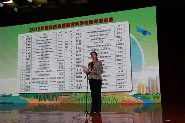 发展司高平司长宣读《自然资源部关于聘任2019年度自然资源首席科学传播专家的公告》和
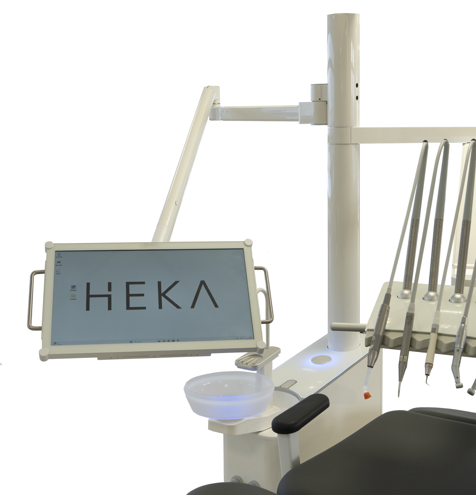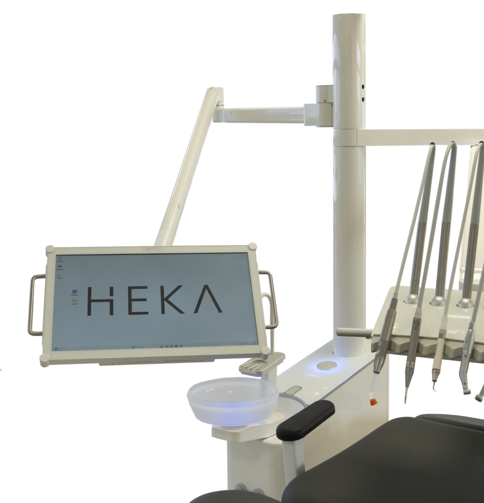 All surfaces of the Heka S+ are smooth and we have used tempered black glass edition on the delivery tray and console top, which is the most hygienic surface available. The display and touch keys can of course be made inactive during cleaning, which adds security and makes it easier to keep surfaces clean.
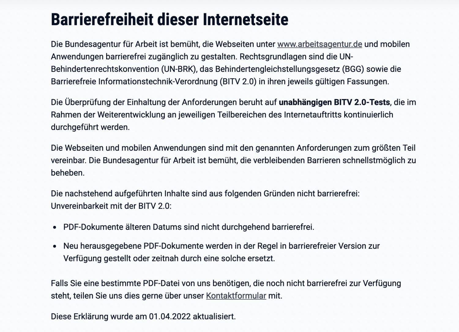 Die zentrale Website der Bundesverwaltung listet auf ihrer Barrierefreiheitserklärung ebenfalls transparent und konkret die Mängel auf.
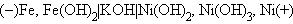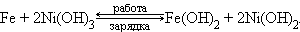 В заряженном щелочном железо-никелевом аккумуляторе анодом служит железо, катодом – гидроксид никеля (III), электролит – 20%-й раствор KOH:

__________

*REQUIREMENT*.
Starting at the first line of the data, set down each line exactly until you have copied the line with "Die zentrale Website", but leave the pictures out.

*SOLUTION TO THE EXERCISE*.
 发展司高平司长宣读《自然资源部关于聘任2019年度自然资源首席科学传播专家的公告》和
 All surfaces of the Heka S+ are smooth and we have used tempered black glass edition on the delivery tray and console top, which is the most hygienic surface available. The display and touch keys can of course be made inactive during cleaning, which adds security and makes it easier to keep surfaces clean.
 Die zentrale Website der Bundesverwaltung listet auf ihrer Barrierefreiheitserklärung ebenfalls transparent und konkret die Mängel auf.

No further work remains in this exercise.